Jusqu’à sa conclusion, Jules Lemaître enfonce le clou : « il sait ce qui plaît au client, il le lui sert, il le lui garantit. Tout cela n’est certes pas le fait du premier venu ; mais qu’il soit bien entendu qu’un c’est un effet de marchandises qu’il s’agit ici, de quelque chose comme les “bronzes de commerce”, et non pas d’œuvres d’art. Il ne faut pas qu’on s’y trompe. Je n’ai voulu que prévenir une confusion possible. »
La charge ne passe pas inaperçue. Georges Ohnet est quelqu’un, Jules Lemaître, qui a renoncé peu auparavant à l’enseignement, est appelé à ne pas rester n’importe qui. En outre, note quelques jours plus tard, sous la signature d’Auguste Marcade, Le Figaro dans son supplément littéraire [4], l’époque, comme la nôtre, est davantage à la critique molle qu’à la critique assassine : « La critique littéraire s’est faite bonne femme, de nos jours. On ne la voit guère montrer ses ongles qu’à de rares occasions, principalement lorsque M. Zola et ses amis, Huysmans et Guy de Maupassant font paraître leurs œuvres conçues d’après la nouvelle esthétique naturaliste.
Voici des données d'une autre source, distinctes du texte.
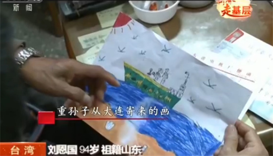 94歲的劉恩國(guó),聽力不好,不怎么愛說(shuō)話,可一提到山東老家,老人馬上打開了話匣子,還領(lǐng)我們到家里看孫子從大陸寄來(lái)的照片。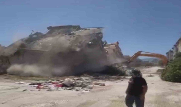 Depremin vurduğu Hatay’da kolonlarına zarar verilerek yıkılan 2 ağır hasarlı binanın yerle bir olma anları cep telefonu kamerasına yansıdı.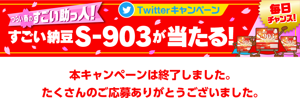「発売5周年記念!すごい納豆S-903がすごい当たる!キャンペーン」に参加される皆様へ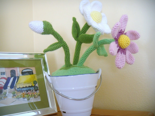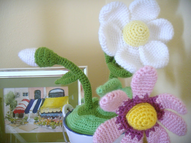 A pot of flowers--amigurumi style. I even made "soil" and it fits perfectly in this pot that reminds me of Newport Beach.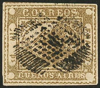 GJ.10, IN Ps. yellowish dun, with complete 8x8 ponchito cancel, immense and incredible margins, so large that they do not seem genuine but they are, possibly the most handsome example in existence (this quality is only seen in 1% of Barquitos, if not less!), superb quality! (Image)

Nos mœurs se sont singulièrement adoucies, et nous n’osons pas plus dire la vérité vraie à un écrivain, que nous ne sentons le courage brutal de siffler au théâtre. »
Mais, aux arguments de Jules Lemaître, Auguste Marcade en voit un seul que pourrait lui opposer Georges Ohnet : « Si M. Jules Lemaître trouve les héros du Maître de forges poncifs, il peut lui répondre en lui montrant la fortune énorme qu’ils lui ont apportée : plus de six cent mille francs ! »
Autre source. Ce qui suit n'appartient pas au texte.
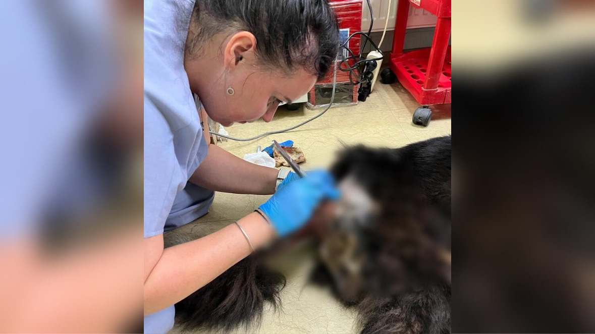 Питомца отвезли в ветклинику «Артемида». Доктор Екатерина Александровна стала сбривать шерсть в районе локации опарышей.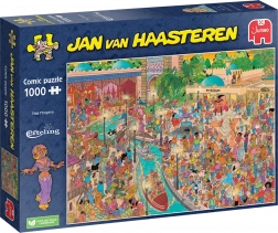 Profitez d’heures de divertissement avec les puzzles JUMBO de qualité de la collection Jan van Haasteren. L’illustration « Efteling Fata Morgana » apporte l’humour typique, une multitude de petites scènes et des motifs cachés comme l’ailette de requin, les mains errantes ou le portrait de Haasteren. Avec ses 1000 pièces et son dessin coloré et détaillé, l’assemblage captive toute la famille.

Littérairement, la réplique est peu convaincante. Mais, puisque c’est le public qui fait le succès d’un Georges Ohnet et qu’il continue à acheter ses ouvrages, elle n’est pas si vaine. Quoi qu’il écrive, il est lu.
Et l’on en vient donc à cette série de fascicules, que Georges Ohnet commence à faire paraître, sous le titre de Journal d’un bourgeois de Paris pendant la guerre de 1914, dans les premiers mois de la Grande Guerre. Jean Vic, qui publie en 1918 le premier volume de La littérature de guerre [5], n’est pas beaucoup plus tendre : « Ce journal voulait être une histoire générale de la guerre, et on annonçait primitivement un fascicule mensuel. L’auteur raconte les événements tels qu’ils viennent à la connaissance des Parisiens, et les accompagne de réflexions un peu longues, un peu ternes, un peu monotones, sagement moralisatrices. Les dates manquent et la lecture en est gênée. Vers le 1er août 1916, cet ouvrage était à son onzième fascicule et à sa mille-quatre-cent-huitième page. »
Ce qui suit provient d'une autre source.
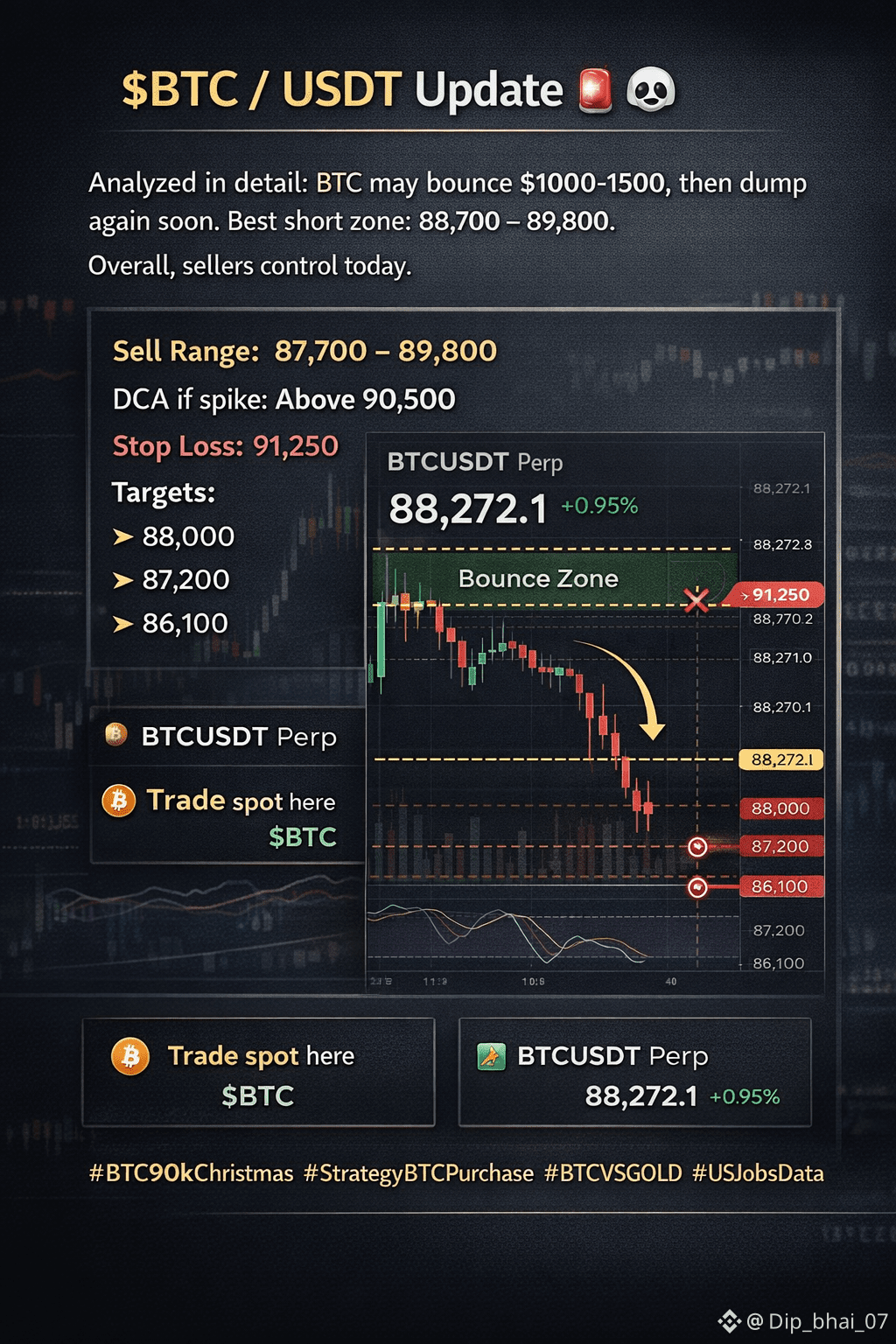 The 88,700 – 89,800 zone is a strong resistance and an ideal short area as sellers remain in control 📉

Jean Vic se contentera de signaler, dans le deuxième volume de sa bibliographie critique, que le Journal de Georges Ohnet s’est arrêté au seizième fascicule. Sous cette remarque rapide (et inexacte, puisqu’un dix-septième fascicule est paru), on devine du soulagement…
Pourquoi donc rééditer les 2 176 pages de ce Journal alors que l’inexistence littéraire de Georges Ohnet est avérée et que même ses écrits sur la guerre ne présentent qu’un intérêt mineur ?
La réponse est évidente : parce que Georges Ohnet, parce que ses lecteurs, parce que son statut auprès de ceux-là même dont Jules Lemaître mesurait l’esprit assez étroit pour se retrouver chez lui comme s’ils étaient chez eux.
Le témoignage du feuilletoniste, ses impressions de guerre, sa logorrhée de commentateur imprécis, tout cela représente très probablement une pensée assez commune à bien d’autres Parisiens. Elle tient du Café du Commerce ? Oui, sans doute. Mais ces « longues » de comptoir nous disent un état d’esprit. Et celui-ci mérite d’être connu.
[1] Revue des deux mondes, 1er avril 1912, p. 621.
[2] Revue politique et littéraire (Revue bleue), 27 juin 1885, pp. 803-807. Repris dans : Jules Lemaître, Les contemporains : Études et portraits littéraires, Première série. Paris, Librairie H. Lecène et H. Oudin, 1886, pp. 337-355.
[3] Roland Barthes, Essais critiques. Paris, Seuil, 1964.
[4] Le Figaro. Supplément littéraire du dimanche, samedi (!) 4 juillet 1885, p. 107.
[5] Jean Vic, La littérature de guerre. Manuel méthodique et critique des publications de langue française (août 1914 – août 1916). Préface de Gustave Lanson. Paris, Payot & Cie, 1918.